Warning: This library includes all items relevant to health product marketing that we are aware of regardless of quality. Often we do not agree with all or part of the contents.

 

Publication type: news

Lamay C.
Idaho presses case against best-selling medication
IdahoStatesman.com 2008 Sep 3
http://www.idahostatesman.com/business/story/491303.html


Abstract:

Zyprexa’s maker says the drug was not improperly marketed as alleged.


Full text:

Idaho has joined a parade of states suing Eli Lilly over the pharmaceutical company’s top-selling drug, an antipsychotic medicine called Zyprexa.

Idaho says Zyprexa is a costly drug that has been improperly marketed, sickening Idaho patients and taking a financial bite from the state’s Medicaid health insurance program for low-income and disabled people.

The firm denied improperly marketing Zyprexa and said it issued warnings that the drugs can cause diabetes and weight gain, so these effects shouldn’t have surprised Idaho officials.

All but a handful of states are involved in litigation with Eli Lilly over the drug or are talking with the company in hopes of avoiding lawsuits.
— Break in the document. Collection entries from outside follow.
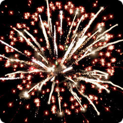 Модульная батарея салютов, 25 зарядов калибром 1.1 дюйма (около 28 мм.) 5 эффектов: Разноцветные кометы, золотые искристые трассы разрываются сферами из золотых форсов с: 1. красными огнями на концах и белых мерцающих огней; 2. зелёными огнями на концах и золотых мерцающих огней; 3. фиолетовыми огнями на концах и зелёных мерцающих огней; 4. серебряными огнями на концах и красных мерцающих огней; 5. красными огнями на концах и множества трещащих огней. (до 35 сек., до 45 м.)
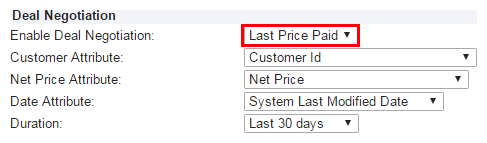 When Deal Negotiation is enabled for currency-type Commerce attributes, the Last Price Paid option can be selected. Administrators can set the following options to specify Last Price Paid criteria: Customer Attribute, Net Price Attribute, Date Attribute, and Duration.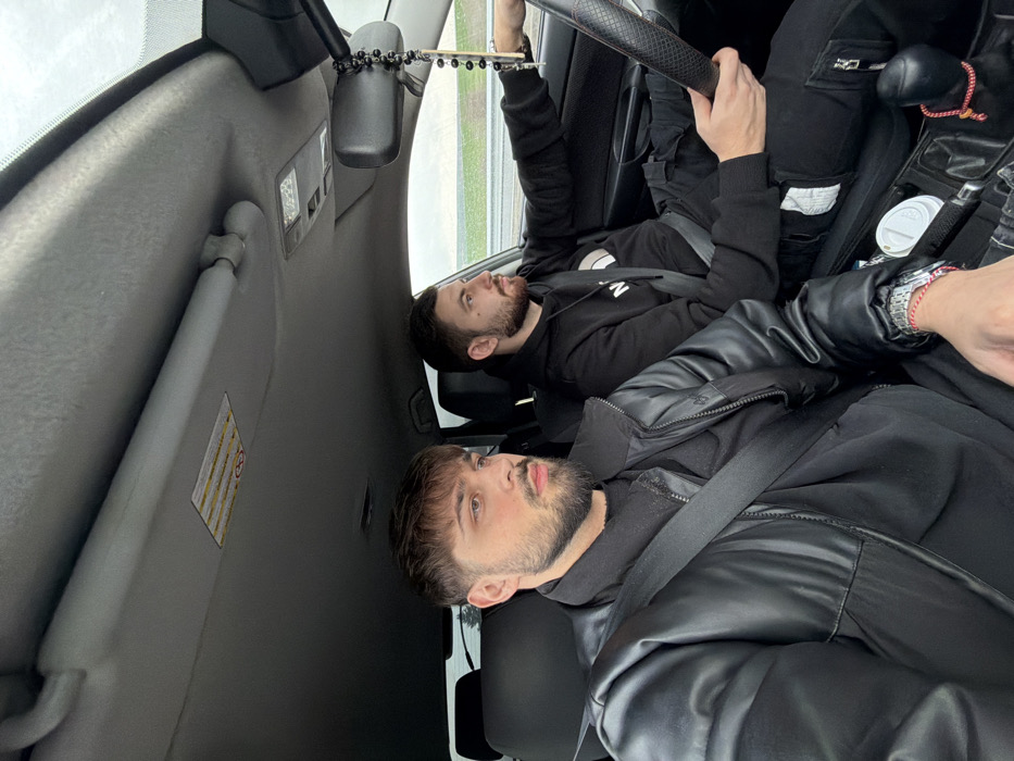 The image depicts the interior of a passenger vehicle in the city of Petrov Dol, Bulgaria. Two adult males occupy the front seats. The individual in the passenger seat, positioned on the left, has short brown hair and a trimmed beard, wearing a black puffer jacket over a black garment, and is secured by a seatbelt. A silver watch and a red-and-white string bracelet are visible on his left wrist. He is looking towards the front-right of the vehicle. The individual in the driver's seat, on the right, has short dark hair and a trimmed beard. He is wearing a black hoodie with a white "The North Face" logo and black cargo pants, secured by a seatbelt. His left hand is on the steering wheel, and his gaze is directed forward, concentrating on the road. A red-and-white string bracelet is tied to the laces of his black shoe on his right foot. The vehicle's interior features a gray headliner, a rearview mirror from which black rosary beads with a small wooden cross are suspended, and a center console holding two white disposable cups. An airbag warning label is affixed to the passenger-side sun visor. The exterior visible through the windows suggests an overcast day with a flat, open landscape alongside a road or highway, featuring a green verge and a guardrail.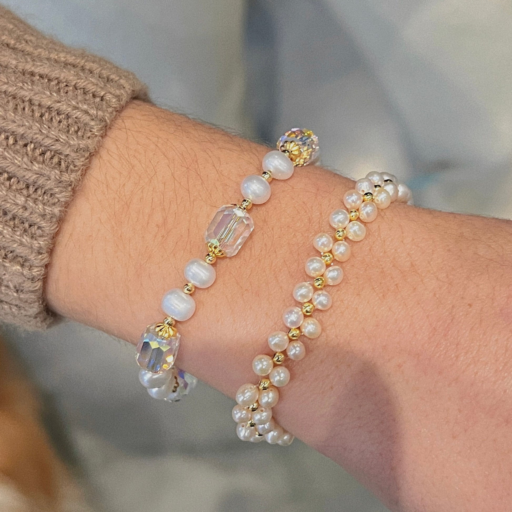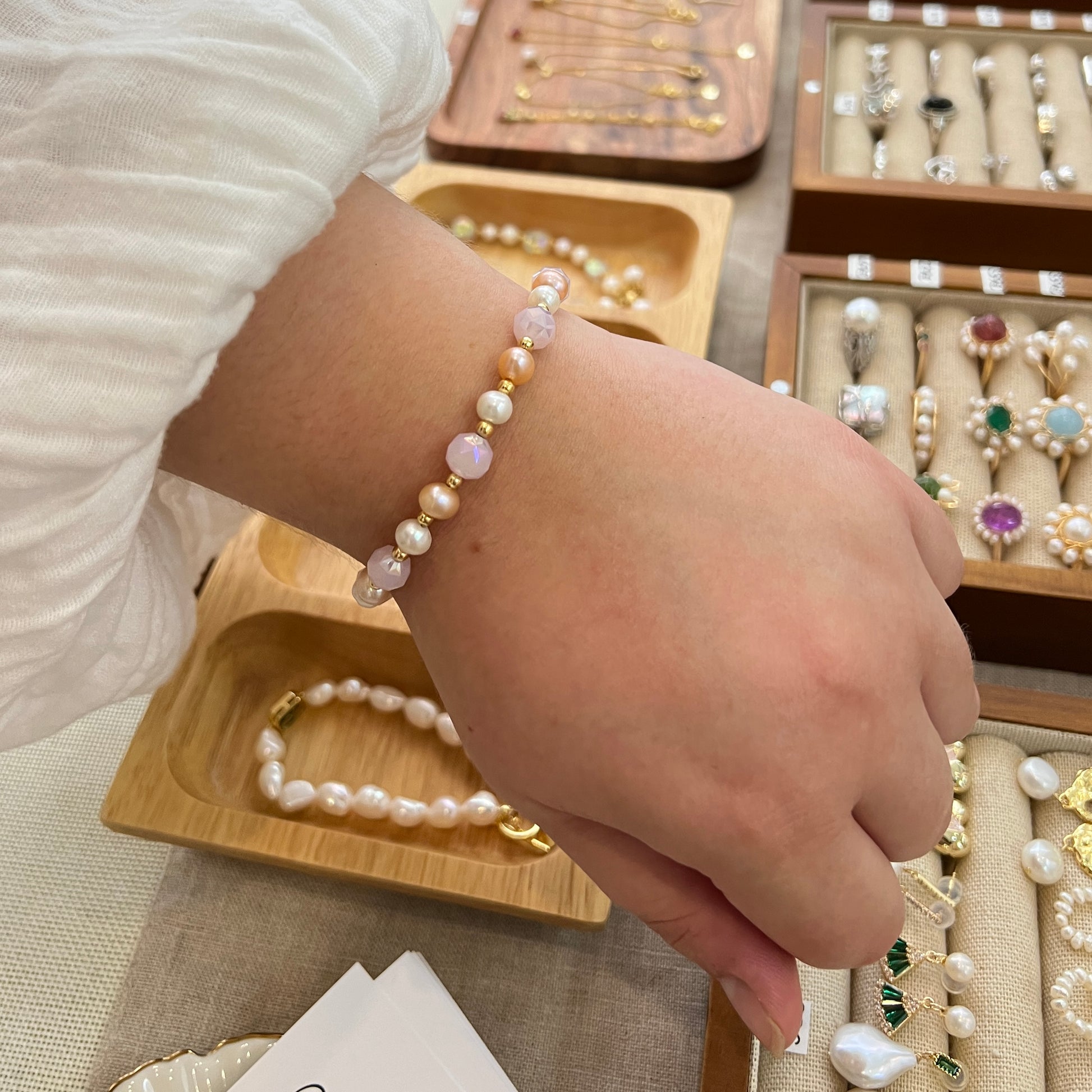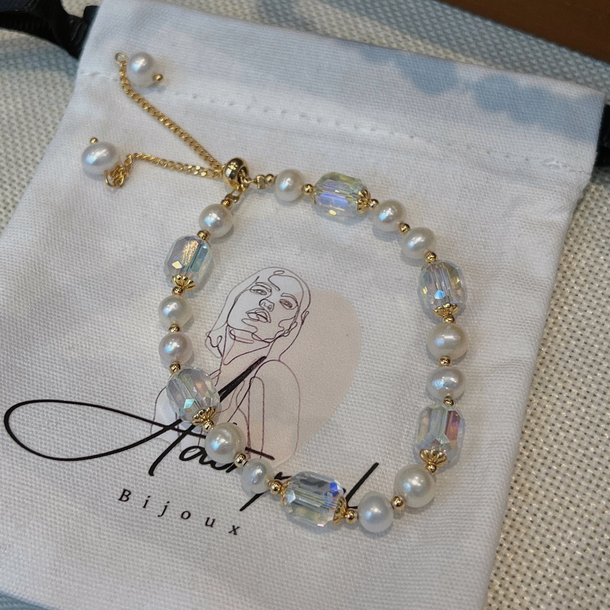 Unique design with natural pearls of 5-6mm and colored natural crystals, sterling silver material. Chain length 25cm, weight 10.8g.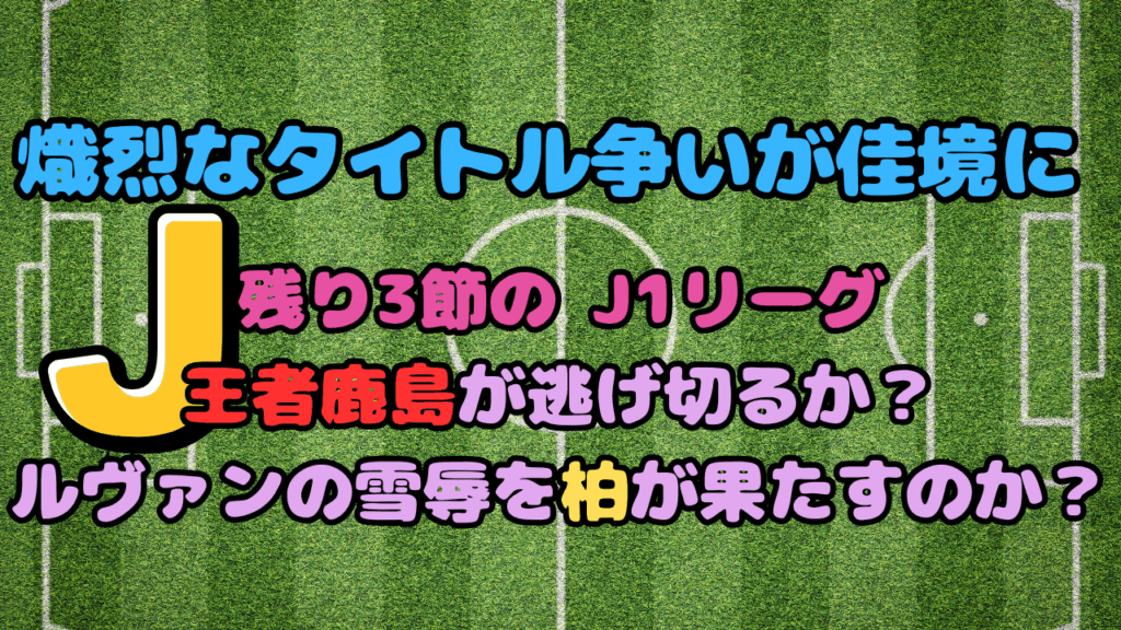J1リーグはついに残り3節。いよいよ優勝争いが最終局面を迎えています。 首位を走るのは鹿島アントラーズ(勝ち点67)、そして1ポイント差で追うのが柏レイソル(勝ち点... -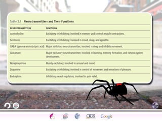 2. How neurons use neurotransmitters to communicate via synaptic transmission between neurons in either an excitatory or inhibitory manner.

Scores of individuals also are involved in cases.

So far, Alaska is the only state to settle with Eli Lilly. The state was awarded $15 million this spring.

About 10,000 Medicaid patients in Idaho have been prescribed the drug, which retails at one Boise pharmacy for $813 for a 30-day supply of 20 milligrams a day.

Deputy Attorney General Brett DeLange did not know Tuesday how much the drug cost taxpayers through the Medicaid program or how much Medicaid money has been spent to treat diabetes, obesity and other health problems he said are side effects of Zyprexa.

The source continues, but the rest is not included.